(INFORMATION):
────────────────────
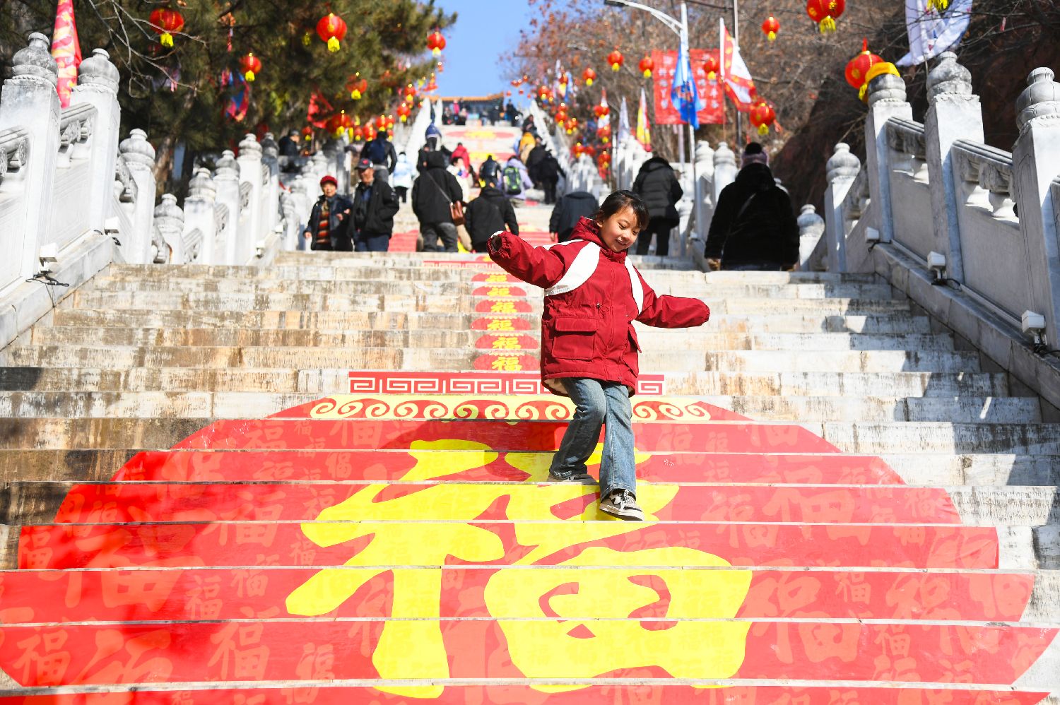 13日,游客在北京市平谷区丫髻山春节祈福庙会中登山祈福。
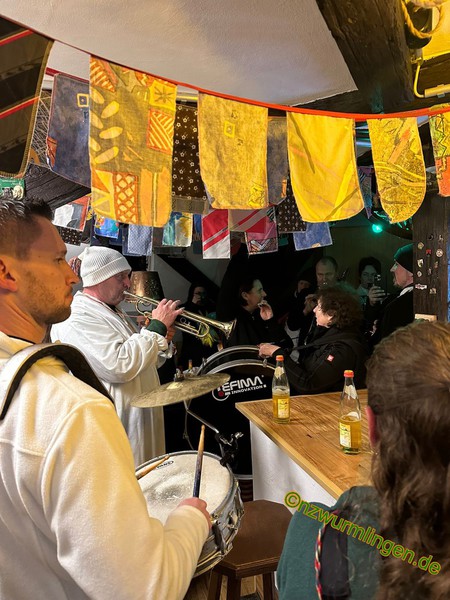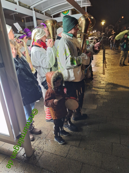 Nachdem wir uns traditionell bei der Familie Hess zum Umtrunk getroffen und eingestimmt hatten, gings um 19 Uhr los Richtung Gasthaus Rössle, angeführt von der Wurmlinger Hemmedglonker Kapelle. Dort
────────────────────
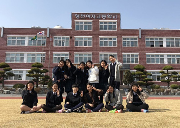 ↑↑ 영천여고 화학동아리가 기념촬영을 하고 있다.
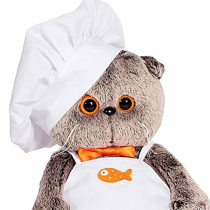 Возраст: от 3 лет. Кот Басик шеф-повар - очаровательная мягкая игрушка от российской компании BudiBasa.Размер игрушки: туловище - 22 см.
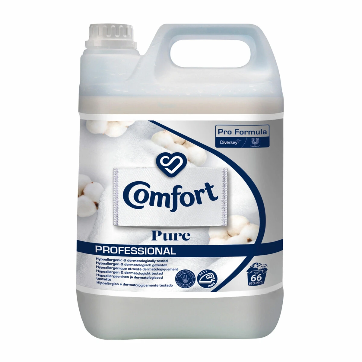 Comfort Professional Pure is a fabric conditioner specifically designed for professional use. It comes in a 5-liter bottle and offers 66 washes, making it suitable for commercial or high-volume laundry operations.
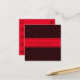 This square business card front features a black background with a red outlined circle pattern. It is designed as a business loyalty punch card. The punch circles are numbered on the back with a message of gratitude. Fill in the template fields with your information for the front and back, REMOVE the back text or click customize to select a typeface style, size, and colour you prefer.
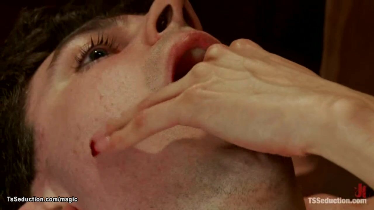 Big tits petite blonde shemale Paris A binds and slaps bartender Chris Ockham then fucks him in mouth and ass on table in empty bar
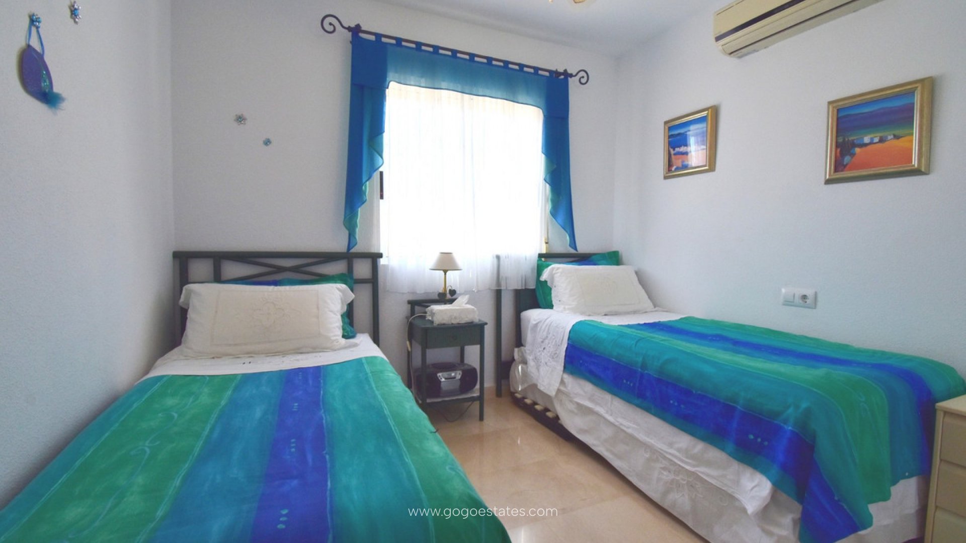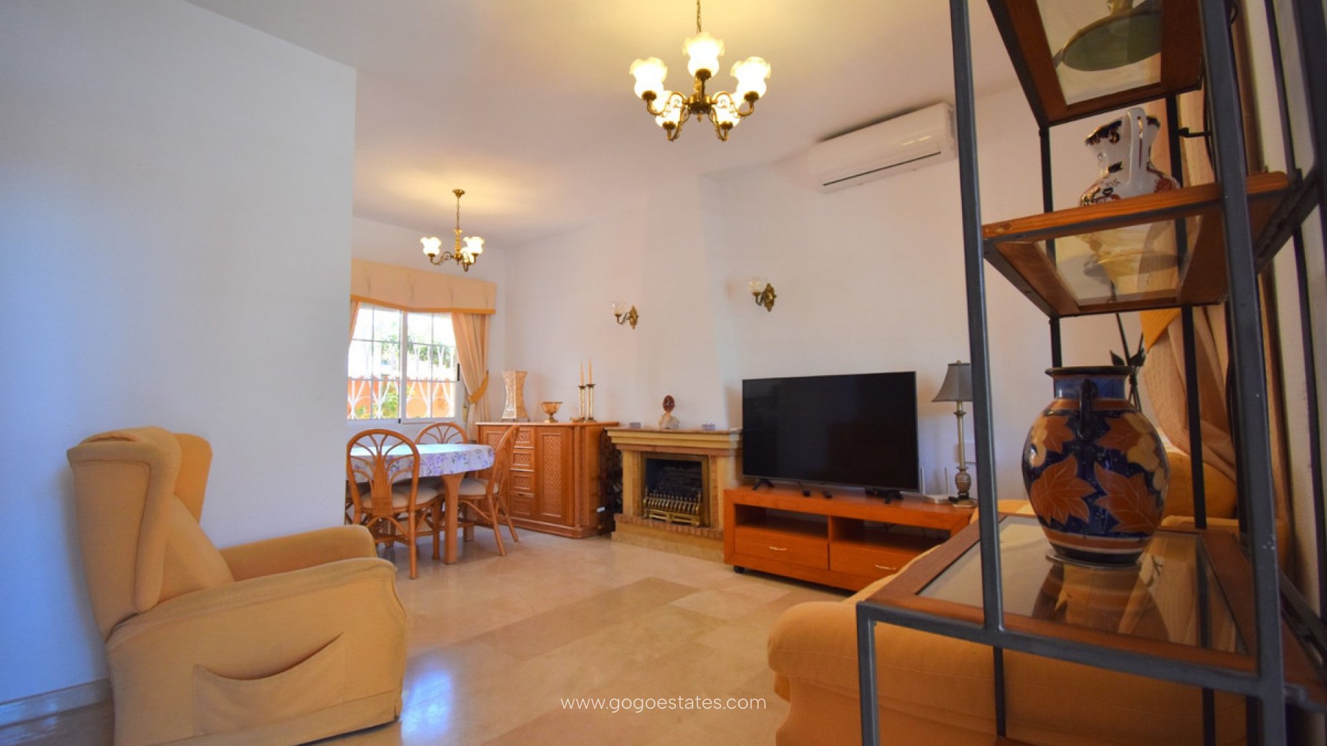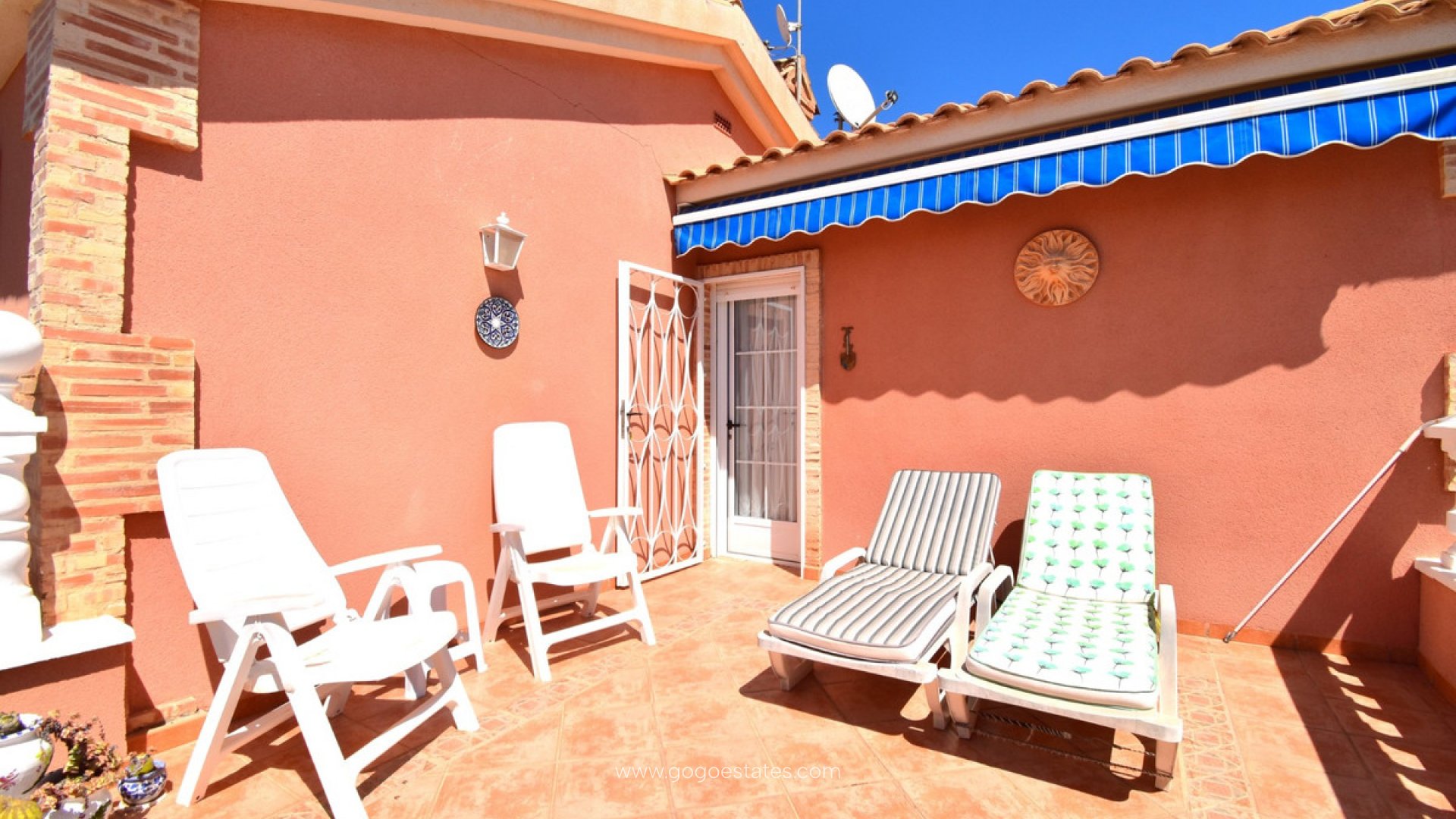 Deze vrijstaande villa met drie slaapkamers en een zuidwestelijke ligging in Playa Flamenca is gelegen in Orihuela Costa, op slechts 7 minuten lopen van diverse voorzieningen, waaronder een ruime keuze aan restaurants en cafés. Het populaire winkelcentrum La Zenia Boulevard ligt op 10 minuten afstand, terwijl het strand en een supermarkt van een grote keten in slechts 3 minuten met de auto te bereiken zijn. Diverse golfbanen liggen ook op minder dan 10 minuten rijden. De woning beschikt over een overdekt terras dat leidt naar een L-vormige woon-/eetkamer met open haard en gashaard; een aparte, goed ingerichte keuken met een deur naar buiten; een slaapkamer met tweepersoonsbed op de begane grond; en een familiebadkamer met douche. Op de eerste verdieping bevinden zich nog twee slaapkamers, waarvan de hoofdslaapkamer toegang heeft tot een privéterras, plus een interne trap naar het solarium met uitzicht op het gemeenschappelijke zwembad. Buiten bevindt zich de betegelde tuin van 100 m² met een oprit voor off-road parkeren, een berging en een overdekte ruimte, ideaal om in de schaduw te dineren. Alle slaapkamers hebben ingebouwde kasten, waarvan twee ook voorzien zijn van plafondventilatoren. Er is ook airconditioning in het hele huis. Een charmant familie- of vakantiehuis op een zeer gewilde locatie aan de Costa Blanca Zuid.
────────────────────
(ACTION ITEM): Out of the records above, set down only the lines from the one that contains "13日,游客在北京市平谷区丫髻山春节祈福庙会中登山祈福。" through the one that contains "Nachdem wir uns", unchanged and without the pictures.

(RESULT FOR THIS TASK):
 13日,游客在北京市平谷区丫髻山春节祈福庙会中登山祈福。
 Nachdem wir uns traditionell bei der Familie Hess zum Umtrunk getroffen und eingestimmt hatten, gings um 19 Uhr los Richtung Gasthaus Rössle, angeführt von der Wurmlinger Hemmedglonker Kapelle. Dort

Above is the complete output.